To make matters worse, our neighbouring country of Croatia got hit with a series of destructive earthquakes and aftermath tremors, causing a humanitarian crisis due to the location of the epicenters as well as the pandemic. My country was also affected by the earthquakes, but with no major damages.
However, that being said, my personal mental health started taking a downfall. First, we've been in a lockdown last November, with no possibility of using the public transport, thus I had no work. In December, while the transport got re-established, we only had about a week and a half of work left, before going back into our concrete cages. It was here that I started suffering from severe stress, as I was basically losing my mind from watching the same four walls over and over again. And now? I made several calls to several different hospitals and clinics around the country, and the answer was always the same: "Sir, these are signs, that you're COVID positive". My mom, who happens to be a nurse, told me, that I should instead focus on going to work, instead of wasting my time with these tests. But, hey: at least I'll figure out the truth, right? Besides, how can someone surely know, that I'm COVID positive, while talking through a phone?
Anyway, I fully doubt, that I got the virus, because I always wear a mask wherever I go. I even wash and disinfect my hands several times a day and avoid direct contact with other people as much as possible. Monday is the day I get tested so, fingers crossed guys!

Hate to hear that, Shansun; again, I'm not a doctor, but from all that I know and have been exposed to, in regards to the virus, loss of smell and taste is consistent with EVERYONE I have spoken to/come across, who has had the virus. Everyone, without fail.

I hope you are recovering and feeling better, whether you have it or not and that you had a great New Year's!
 
Update on the situation you guys: on Monday I got tested via the quick test and the results showed that I am unfortunately positive. However, the symptoms are not severe and are quickly subsiding, thanks to the fact that I'm only 25 and I do not smoke, drink, nor abuse drugs. Even though, I should write this post in the Coronavirus section, I already discussed the matter in an earlier post I made here, so hopefully there won't be any hard feelings about posting in the wrong area.

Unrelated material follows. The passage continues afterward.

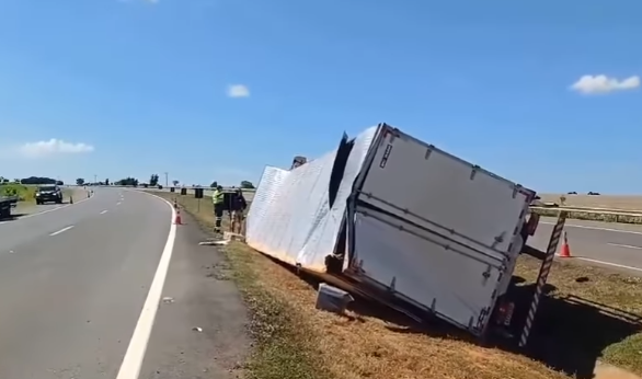 Um caminhão carregado com cigarros contrabandeados do Paraguai tombou na BR-050, na altura do km 200, entre Catalão e Campo Alegre, no sudeste de Goiás, por volta das 7h deste domingo (16).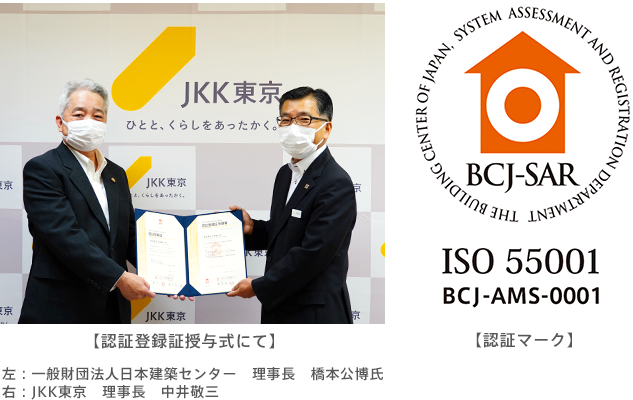 JKK東京(東京都住宅供給公社:東京都渋谷区、理事長:中井敬三、以下「JKK」)は、国内の住宅事業者として初めて、アセットマネジメントシステムの国際規格ISO55001の認証を一般財団法人日本建築センターの審査により取得し、令和4年8月2日に登録証授与式が行われました。

I also certainly hope I did not upset anyone with the fact that I'm Covid positive. I am currently in my 10-day isolation period enjoying some of my hobbies, although it would be great if I could really start with my work this year.
I am also thanking everyone for sending me wishes both right away and in advance. Here's looking at 2021.
 
What day does the bad ending trigger?
July 31st would be my guess. I never made it till that day. Heard rumors, that a cutscene plays where elder Yeh has a vision where Ryo loses all hope, confronts Lan Di and loses in a fight.
 
Even though I am at the lowest point in my life, mentally and financially, I just thank God I'm not a Karen or a Trump supporter. After following the news I just came to realize that with privilege and equality, not having your way feels like oppression to most.